→ ENTRIES PROVIDED:
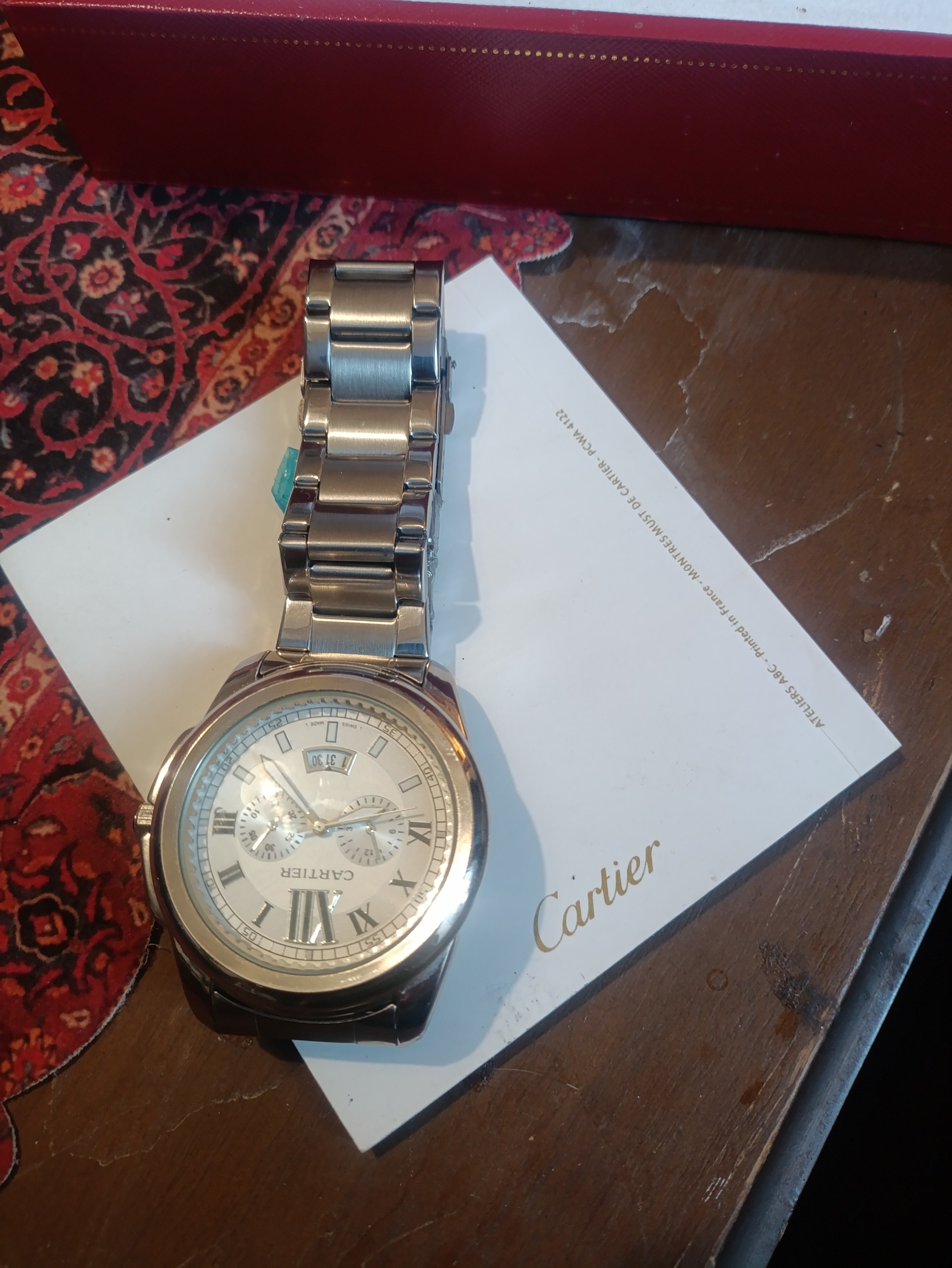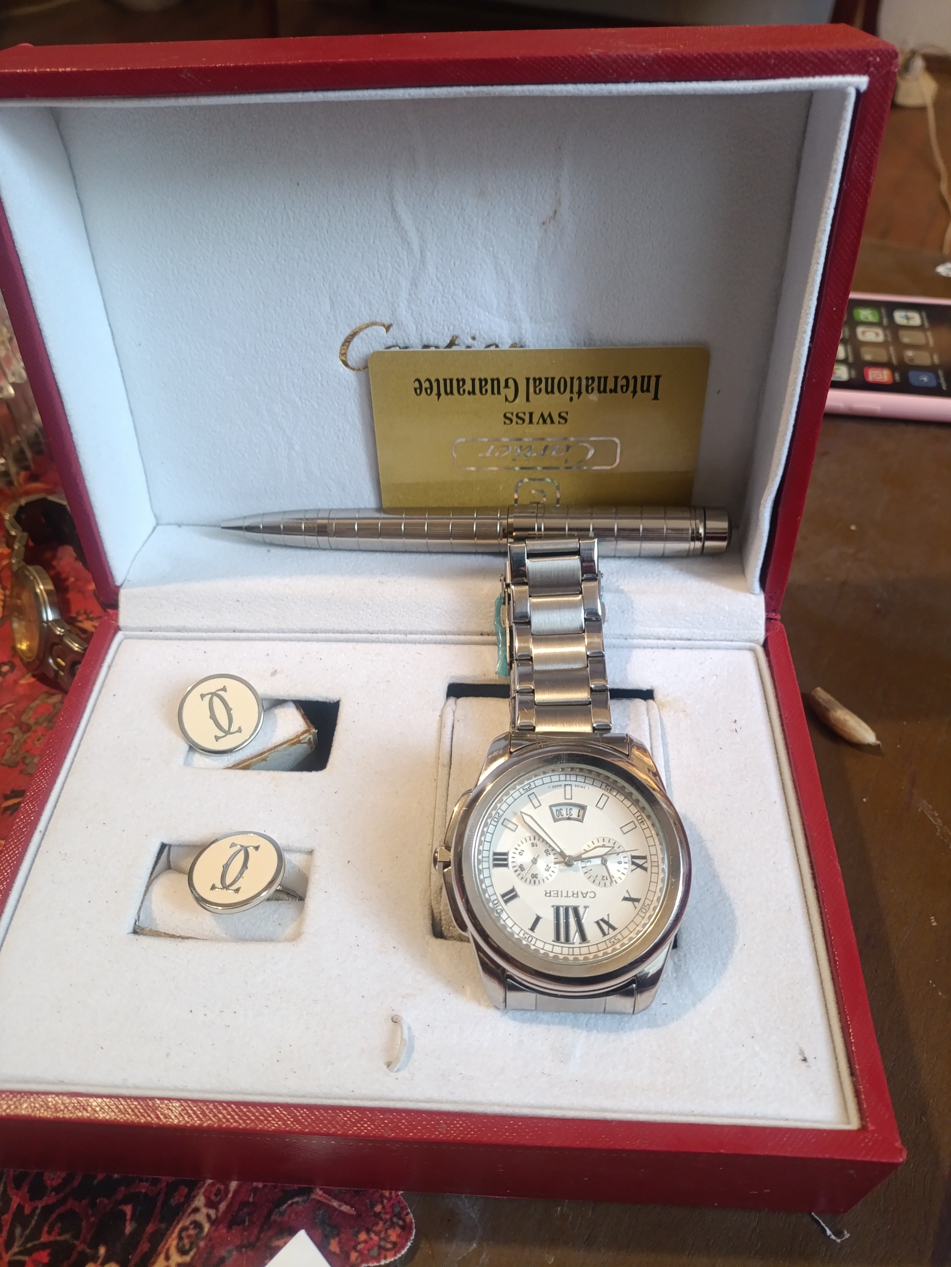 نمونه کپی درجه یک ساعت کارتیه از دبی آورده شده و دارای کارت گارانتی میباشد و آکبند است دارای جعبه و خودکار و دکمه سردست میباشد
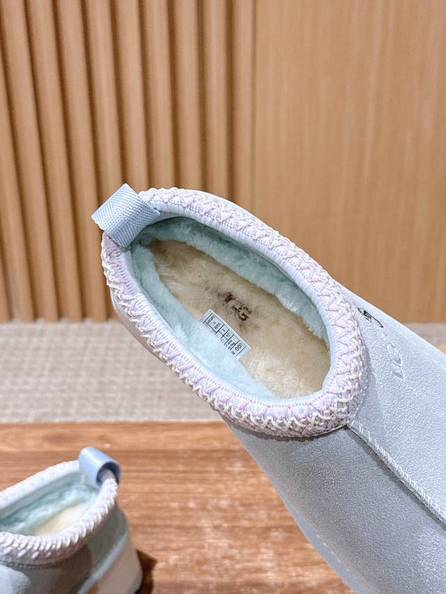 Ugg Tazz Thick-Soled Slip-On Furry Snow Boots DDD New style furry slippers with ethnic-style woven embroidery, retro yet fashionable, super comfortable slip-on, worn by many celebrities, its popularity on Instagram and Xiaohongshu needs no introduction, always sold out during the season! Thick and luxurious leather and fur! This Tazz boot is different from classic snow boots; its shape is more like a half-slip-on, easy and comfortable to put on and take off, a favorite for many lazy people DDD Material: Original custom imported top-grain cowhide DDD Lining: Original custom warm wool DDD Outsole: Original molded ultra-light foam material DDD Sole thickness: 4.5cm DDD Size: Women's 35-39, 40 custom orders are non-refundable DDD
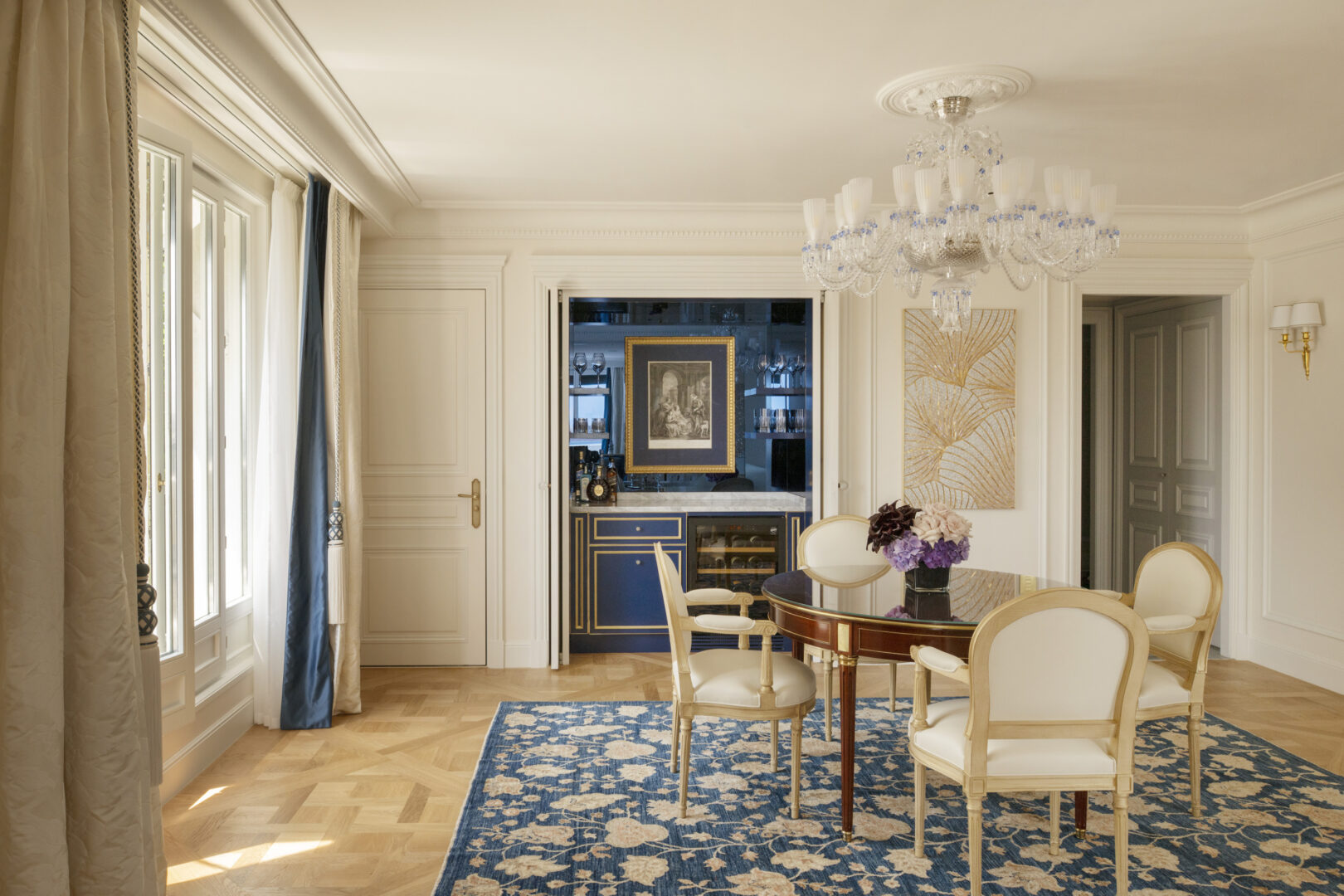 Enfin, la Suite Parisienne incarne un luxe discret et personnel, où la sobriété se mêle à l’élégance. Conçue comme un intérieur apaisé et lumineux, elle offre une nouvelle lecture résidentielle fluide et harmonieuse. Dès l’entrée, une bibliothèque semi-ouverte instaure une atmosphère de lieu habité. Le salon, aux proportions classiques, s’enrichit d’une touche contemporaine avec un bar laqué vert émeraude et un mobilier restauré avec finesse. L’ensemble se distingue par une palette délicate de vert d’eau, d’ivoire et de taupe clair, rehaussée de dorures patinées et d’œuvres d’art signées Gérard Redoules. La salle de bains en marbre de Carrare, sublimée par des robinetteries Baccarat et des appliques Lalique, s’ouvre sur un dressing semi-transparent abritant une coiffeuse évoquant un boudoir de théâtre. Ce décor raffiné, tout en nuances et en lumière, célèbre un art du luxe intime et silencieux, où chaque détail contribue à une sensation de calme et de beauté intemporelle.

--

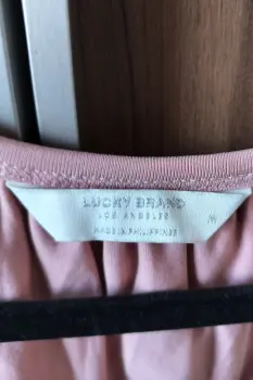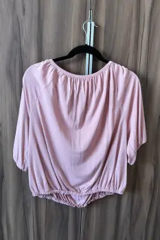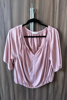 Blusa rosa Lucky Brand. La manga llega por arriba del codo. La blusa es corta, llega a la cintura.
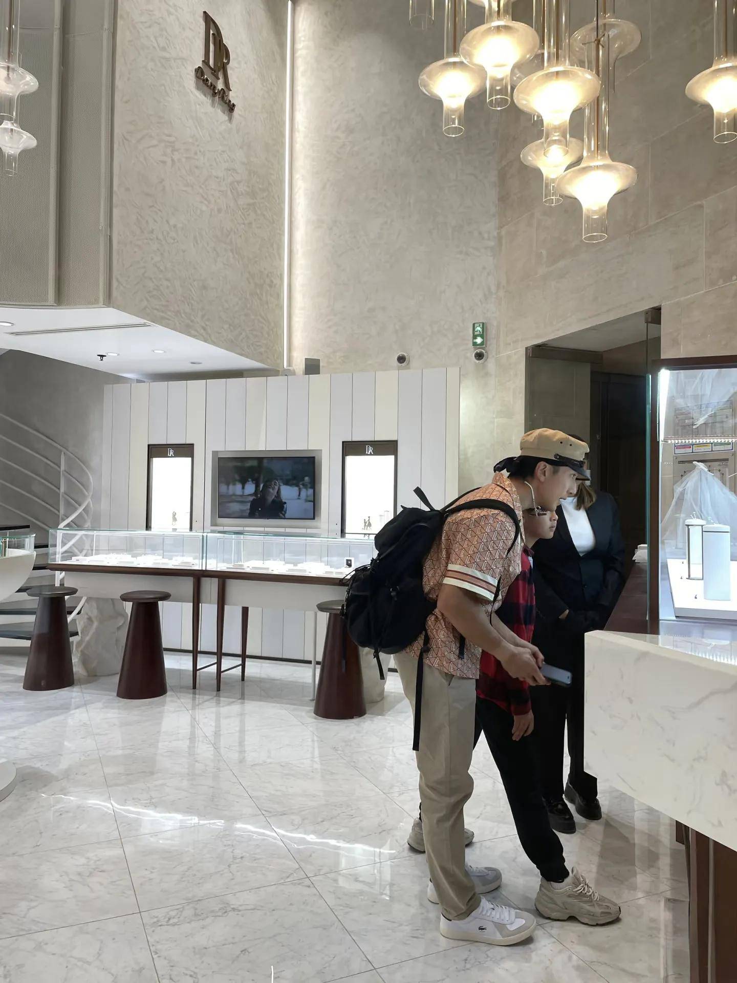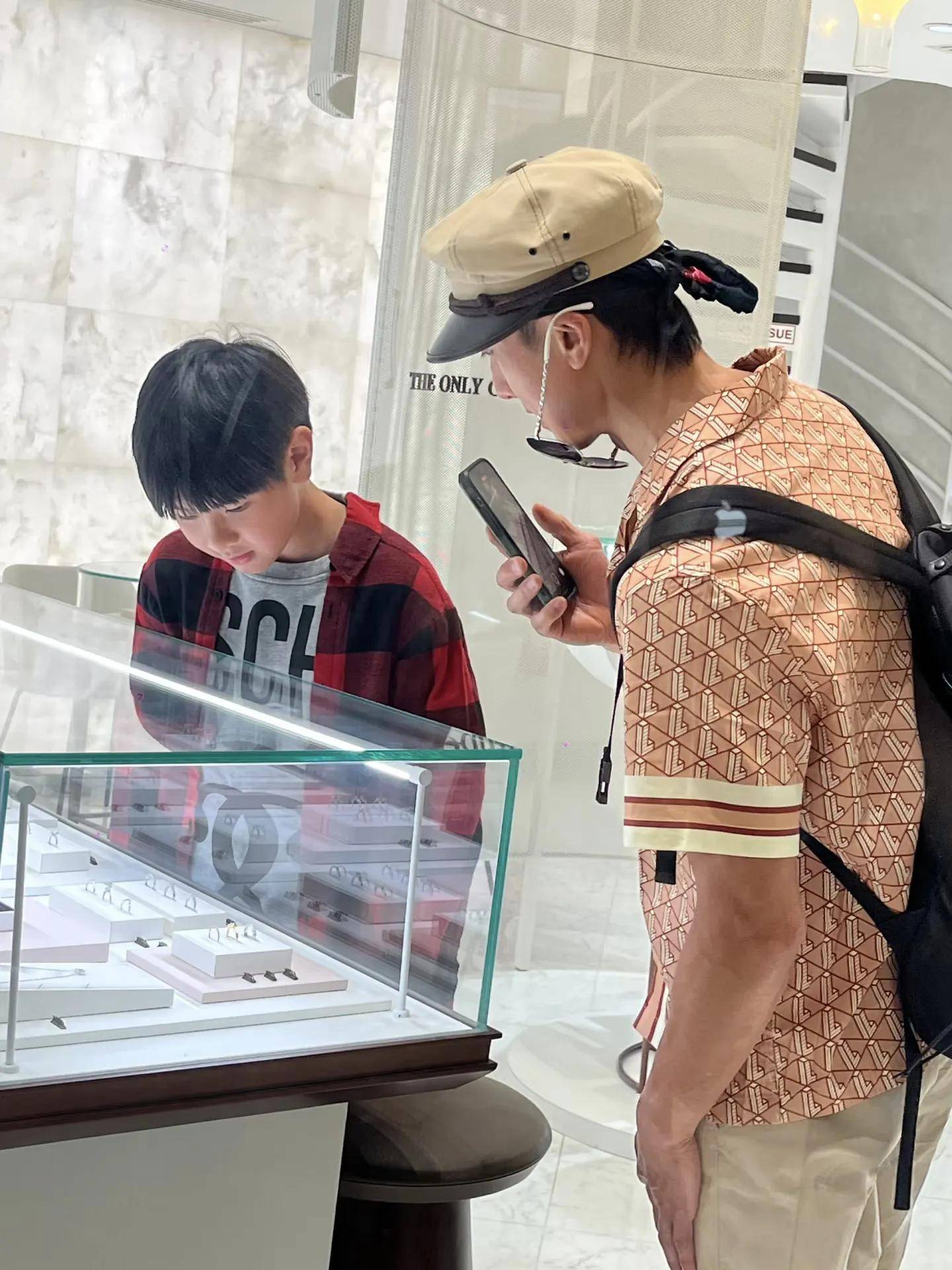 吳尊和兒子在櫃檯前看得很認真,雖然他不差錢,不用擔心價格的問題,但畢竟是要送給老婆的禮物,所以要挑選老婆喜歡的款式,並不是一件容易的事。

...

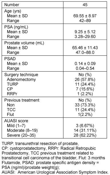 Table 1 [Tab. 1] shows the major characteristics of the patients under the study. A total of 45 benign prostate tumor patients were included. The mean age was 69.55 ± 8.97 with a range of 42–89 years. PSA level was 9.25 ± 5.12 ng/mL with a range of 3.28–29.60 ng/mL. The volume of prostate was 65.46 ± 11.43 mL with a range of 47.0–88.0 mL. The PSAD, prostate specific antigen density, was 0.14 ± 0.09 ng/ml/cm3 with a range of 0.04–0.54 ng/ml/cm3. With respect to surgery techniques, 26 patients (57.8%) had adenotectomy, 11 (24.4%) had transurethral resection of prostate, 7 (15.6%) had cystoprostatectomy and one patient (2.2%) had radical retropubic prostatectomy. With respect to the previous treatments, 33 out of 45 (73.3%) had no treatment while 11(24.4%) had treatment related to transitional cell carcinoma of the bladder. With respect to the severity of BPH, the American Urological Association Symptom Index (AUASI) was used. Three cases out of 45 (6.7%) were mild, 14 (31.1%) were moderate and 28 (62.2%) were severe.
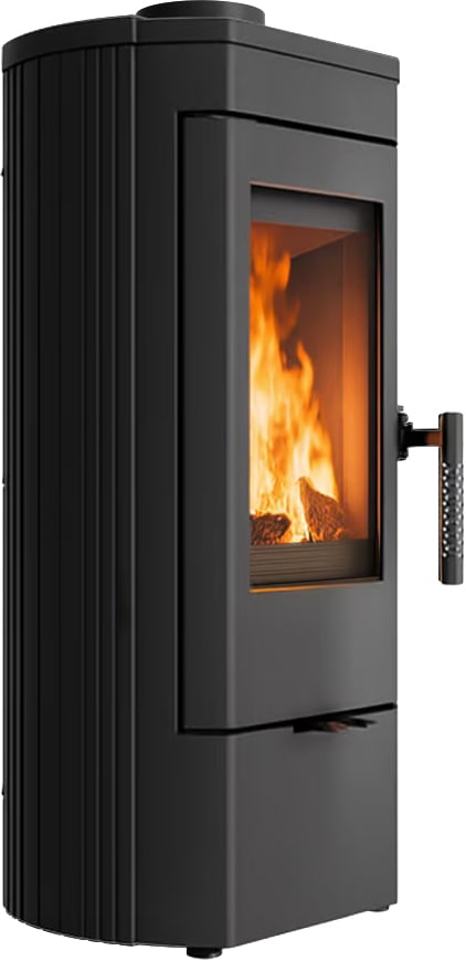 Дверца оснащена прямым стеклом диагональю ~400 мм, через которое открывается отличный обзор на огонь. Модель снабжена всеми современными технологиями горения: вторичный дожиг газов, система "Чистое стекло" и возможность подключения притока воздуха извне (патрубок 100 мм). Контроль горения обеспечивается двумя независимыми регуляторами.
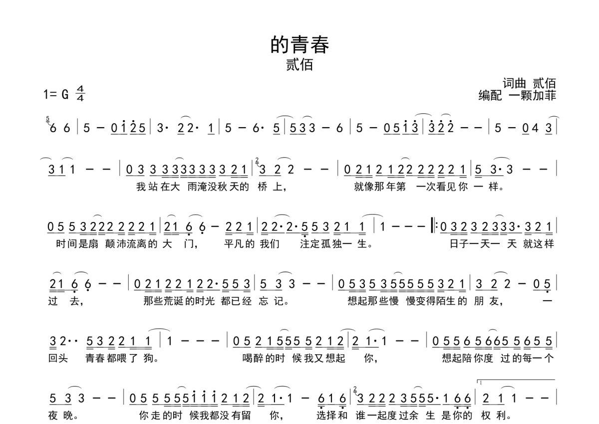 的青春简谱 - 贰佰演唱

→ ASSIGNED TASK:
Although the records above contain pictures, the copy should not; retype exactly the lines from the one containing "Дверца оснащена прямым" through the one containing "的青春简谱 - 贰佰演唱".

→ WRITTEN ANSWER:
 Дверца оснащена прямым стеклом диагональю ~400 мм, через которое открывается отличный обзор на огонь. Модель снабжена всеми современными технологиями горения: вторичный дожиг газов, система "Чистое стекло" и возможность подключения притока воздуха извне (патрубок 100 мм). Контроль горения обеспечивается двумя независимыми регуляторами.
 的青春简谱 - 贰佰演唱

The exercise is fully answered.